MYOGLOBIN  It is a heme containing conjugated protein having high affinity for oxygen.  It can bind oxygen at very low PO2.  P50 values of myoglobin is 6 mm of Hg.  Myoglobin acts as a reservoir of oxygen in muscle.
CONTRACTILE PROTEINS  These proteins are involved in the contraction mechanism. These include:  Myosin  Actin  Tropomyosin  Troponin  Actinin  Tyietin  M proteins.
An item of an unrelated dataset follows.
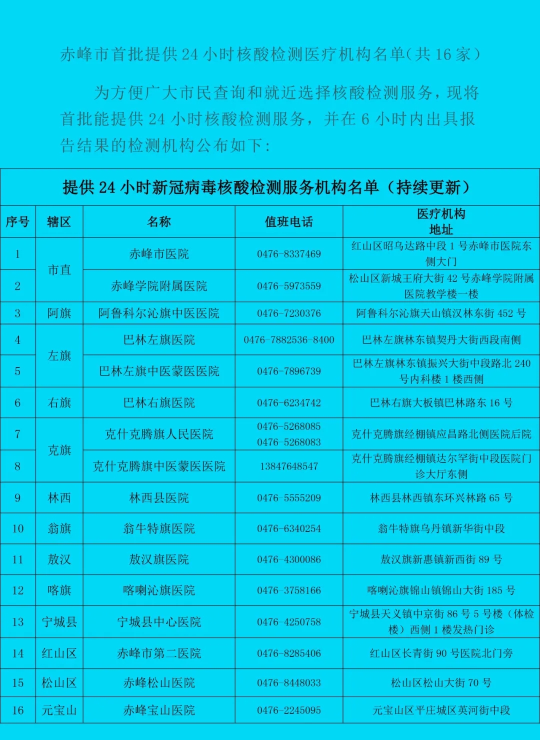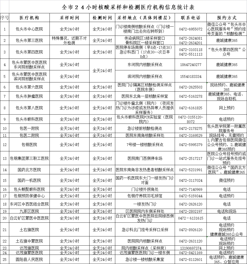 為更好的滿足群眾核酸檢測(cè)需求,提供優(yōu)質(zhì)高效的核酸采樣和檢測(cè)服務(wù),現(xiàn)將全市開(kāi)展24小時(shí)核酸采樣和檢測(cè)服務(wù)醫(yī)療機(jī)構(gòu)名單公布如下。請(qǐng)根據(jù)表中核酸檢測(cè)預(yù)約方式提前預(yù)約核酸檢測(cè)。

Myosin  It is present in myosin filament.  Each myosin filament has 200 molecules of Myosin.  Each myosin molecule has got molecular weight of 480,000.  Each molecule is composed of 6 polypeptide chains. 2 heavy and 4 light chains.  Each heavy chain has got a molecular weight of 200,000.  The two heavy chains are wrapped together to form a double helix.  At the end each heavy chain is folded on itself to form the head portion.
Myosin  In the head portion there are 4 light chains each having a molecular weight of 20,000  Each myosin molecule has three parts i.e head, arm and tail or body.  The tail portion of myosin molecules are inside the myosin filaments while the head and arms are directed outwards and these project out of the surface of myosin molecule and the head and the arm forms a cross bridge.  In the central portion of myosin filament there will be only the tail or body portion. So in the central portion there is no cross bridge.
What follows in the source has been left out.